Judy Stallworth of West Bath grows dahlias because she loves them. As a side benefit, she cuts the blossoms to be used on the tables of the Portland restaurants owned by her son, Harding Lee Smith, so she grows more of them than most gardeners would need.

Stallworth, who is treasurer of the Garden Club Federation of Maine, and Suzanne Bushnell, the president of the club, spoke about dahlias for the Cape Elizabeth Garden Club in April. Though I attended, I forgot to take notes, so I telephoned her recently to refresh my memory.

Depending on where you live, you should plant your dahlias about now.

“You want to plant them after all danger of frost,” Stallworth said. “The soil should be 60 degrees.”

Dahlias grow from tubers, although they are sometimes called bulbs, that often sprout eyes during storage. Many people will plant tubers in pots indoors to get a jump on the season, and most local nurseries will have dahlia plants for sale now.

Stallworth says she buys locally whenever she can.

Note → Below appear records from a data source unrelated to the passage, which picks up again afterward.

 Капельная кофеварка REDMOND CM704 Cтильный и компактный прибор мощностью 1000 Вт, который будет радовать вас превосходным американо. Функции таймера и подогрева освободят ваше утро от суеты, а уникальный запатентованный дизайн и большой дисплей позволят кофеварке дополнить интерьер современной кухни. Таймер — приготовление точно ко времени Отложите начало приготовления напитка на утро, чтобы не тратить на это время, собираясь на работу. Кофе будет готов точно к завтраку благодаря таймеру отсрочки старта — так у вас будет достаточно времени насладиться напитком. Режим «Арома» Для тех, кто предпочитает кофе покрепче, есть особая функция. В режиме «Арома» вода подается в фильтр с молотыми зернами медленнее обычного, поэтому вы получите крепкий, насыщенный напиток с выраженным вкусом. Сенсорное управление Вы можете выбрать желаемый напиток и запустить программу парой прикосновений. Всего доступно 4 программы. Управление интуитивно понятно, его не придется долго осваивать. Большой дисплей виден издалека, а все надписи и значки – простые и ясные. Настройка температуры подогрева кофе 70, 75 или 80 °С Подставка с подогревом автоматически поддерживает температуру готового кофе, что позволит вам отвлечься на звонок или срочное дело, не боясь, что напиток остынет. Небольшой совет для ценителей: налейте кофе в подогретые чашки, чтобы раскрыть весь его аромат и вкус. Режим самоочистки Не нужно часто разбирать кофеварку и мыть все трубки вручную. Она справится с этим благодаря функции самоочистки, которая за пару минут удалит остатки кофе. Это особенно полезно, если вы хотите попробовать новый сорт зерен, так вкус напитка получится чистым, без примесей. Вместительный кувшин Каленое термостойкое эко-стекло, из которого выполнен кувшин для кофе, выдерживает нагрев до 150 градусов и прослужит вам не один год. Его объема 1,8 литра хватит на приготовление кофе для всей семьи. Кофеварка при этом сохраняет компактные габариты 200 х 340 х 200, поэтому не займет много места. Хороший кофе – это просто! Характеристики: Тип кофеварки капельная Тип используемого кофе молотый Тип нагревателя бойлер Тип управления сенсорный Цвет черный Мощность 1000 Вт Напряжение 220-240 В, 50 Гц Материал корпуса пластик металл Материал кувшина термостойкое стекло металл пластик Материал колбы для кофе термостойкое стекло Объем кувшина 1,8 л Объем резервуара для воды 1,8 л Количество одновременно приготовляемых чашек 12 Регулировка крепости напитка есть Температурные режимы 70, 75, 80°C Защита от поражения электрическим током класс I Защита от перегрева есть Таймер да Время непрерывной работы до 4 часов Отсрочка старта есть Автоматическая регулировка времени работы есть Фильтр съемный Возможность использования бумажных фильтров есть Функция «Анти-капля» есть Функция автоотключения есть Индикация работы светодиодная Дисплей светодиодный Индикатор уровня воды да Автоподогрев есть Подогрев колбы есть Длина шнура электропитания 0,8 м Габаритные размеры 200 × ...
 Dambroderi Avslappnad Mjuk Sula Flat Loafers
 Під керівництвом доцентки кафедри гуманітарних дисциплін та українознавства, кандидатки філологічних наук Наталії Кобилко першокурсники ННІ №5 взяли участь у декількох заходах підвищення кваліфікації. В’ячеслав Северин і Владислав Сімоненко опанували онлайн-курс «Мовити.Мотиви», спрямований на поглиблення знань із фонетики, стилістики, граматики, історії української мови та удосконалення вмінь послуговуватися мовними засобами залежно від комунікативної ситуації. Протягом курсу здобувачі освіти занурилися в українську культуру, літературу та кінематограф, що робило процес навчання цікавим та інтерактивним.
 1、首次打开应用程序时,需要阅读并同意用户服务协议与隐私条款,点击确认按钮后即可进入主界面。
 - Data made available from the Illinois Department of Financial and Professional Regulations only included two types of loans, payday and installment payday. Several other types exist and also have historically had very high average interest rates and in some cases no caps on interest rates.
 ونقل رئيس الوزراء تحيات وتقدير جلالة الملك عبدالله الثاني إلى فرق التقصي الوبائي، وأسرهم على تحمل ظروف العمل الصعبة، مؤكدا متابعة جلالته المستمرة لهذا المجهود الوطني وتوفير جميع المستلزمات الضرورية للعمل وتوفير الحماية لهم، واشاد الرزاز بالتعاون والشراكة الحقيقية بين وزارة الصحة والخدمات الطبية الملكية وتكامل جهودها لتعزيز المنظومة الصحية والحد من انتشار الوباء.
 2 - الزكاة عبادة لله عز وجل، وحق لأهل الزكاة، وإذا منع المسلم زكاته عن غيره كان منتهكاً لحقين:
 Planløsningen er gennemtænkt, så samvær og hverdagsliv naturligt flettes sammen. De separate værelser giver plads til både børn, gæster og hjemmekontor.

One of her favorite bulb dealers is Endless Summer Flower Farm in Camden, and she will buy others as plants at local nurseries. Nationally one of the biggest dealers is Swan Island Dahlias in Oregon, and Nancy and I love the heritage bulbs sold by Old House Gardens in Michigan.

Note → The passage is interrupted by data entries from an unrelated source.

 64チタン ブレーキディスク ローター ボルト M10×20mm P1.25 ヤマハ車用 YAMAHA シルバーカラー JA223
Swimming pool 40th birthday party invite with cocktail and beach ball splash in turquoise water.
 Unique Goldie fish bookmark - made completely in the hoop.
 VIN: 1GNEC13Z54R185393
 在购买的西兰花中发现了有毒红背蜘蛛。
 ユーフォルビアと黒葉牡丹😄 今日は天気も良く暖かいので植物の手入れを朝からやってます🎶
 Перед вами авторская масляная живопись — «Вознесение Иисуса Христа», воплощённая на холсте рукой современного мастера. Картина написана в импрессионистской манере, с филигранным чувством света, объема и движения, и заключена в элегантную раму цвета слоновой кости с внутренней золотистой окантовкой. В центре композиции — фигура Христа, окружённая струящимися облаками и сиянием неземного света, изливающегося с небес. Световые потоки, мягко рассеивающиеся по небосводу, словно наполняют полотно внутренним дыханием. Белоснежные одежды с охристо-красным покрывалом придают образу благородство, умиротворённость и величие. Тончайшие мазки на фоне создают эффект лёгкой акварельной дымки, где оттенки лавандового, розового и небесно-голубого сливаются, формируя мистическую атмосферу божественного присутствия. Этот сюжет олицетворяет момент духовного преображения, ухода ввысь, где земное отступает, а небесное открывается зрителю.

Stallworth said that some catalogs send you a clump of several dahlia bulbs, but Swan Island and Endless Summer send you just one tuber.

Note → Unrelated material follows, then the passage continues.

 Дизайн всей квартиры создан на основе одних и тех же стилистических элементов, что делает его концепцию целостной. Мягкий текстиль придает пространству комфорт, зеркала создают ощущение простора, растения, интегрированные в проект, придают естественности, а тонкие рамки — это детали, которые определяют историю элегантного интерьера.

Dahlias need at least six to eight hours of sun every day and rich, well-drained soil. Stallworth gets a soil test done just about every year, and when the test says she is low on nitrogen, she adds cow manure. She does not add a lot of nitrogen during the growing season.

The tubers should be planted about 6 inches deep with the eyes pointing up. How far apart depends on how tall the dahlia grows. Bedding dahlias can be about a foot apart, while the tallest ones – some about 6 feet – should be planted about 3 feet apart.

“The secret is to plant them and don’t water them until they sprout up out of the ground,” Stallworth said. “A lot of people drown them by watering too early.”

But once the vegetation shows, dahlias need a lot of water.

Before you buy your dahlias, you must decide how you are going to use them. The huge dinner-plate blossoms are stunning in the garden, but they don’t work as cut flowers.

Catalogs usually will describe the dahlias as either being good as cut flowers or good in the garden.

Cutting dahlias actually gets the plant to produce more blossoms, and you have to deadhead the spent blossoms or the plant will stop producing.

Stallworth cuts the flowers early in the morning, placing the stems immediately in a bucket of hot water and letting them sit for a couple of hours before moving them to vases.

While some people treat dahlias as annuals, most gardeners will dig up the tubers and save them for the next year. This is where the hard work comes in, and it can be tricky.

You shouldn’t dig the dahlias until a week or two after they have been hit by a couple of hard frosts, Stallworth said. Otherwise the bulbs will continue growing once dug and then rot. After you get them out you have to shake the soil off and let them dry for a few days.

At this point, she says, it is important to separate the mother bulb from the children. The original bulb will not produce the same plant and flowers again, but the offspring bulbs will maintain the original character.

“The mothers all revert to orangey red and they don’t have strong stems,” she said. “If I get that orangey red, I throw that whole plant away because it is never going to get any better.”

She advises against procrastinating until spring, because it is easier to differentiate between the mother and children in the fall. The mother bulb will be fatter and darker, and maybe a bit wrinkled.

Some people hose the tubers down, leave them on a tarp in the garage overnight and bring them out in the sunlight during the day to dry out. It’s a good idea to write the variety (if you remember it) or at least the color on the tuber with indelible ink so you know what you have when you plant next year.

Once the tubers are completely dry, move them to a cool, dry place where they won’t freeze – and get ready to start the cycle all over again.

For now, though, I’m just looking forward to the blossoms.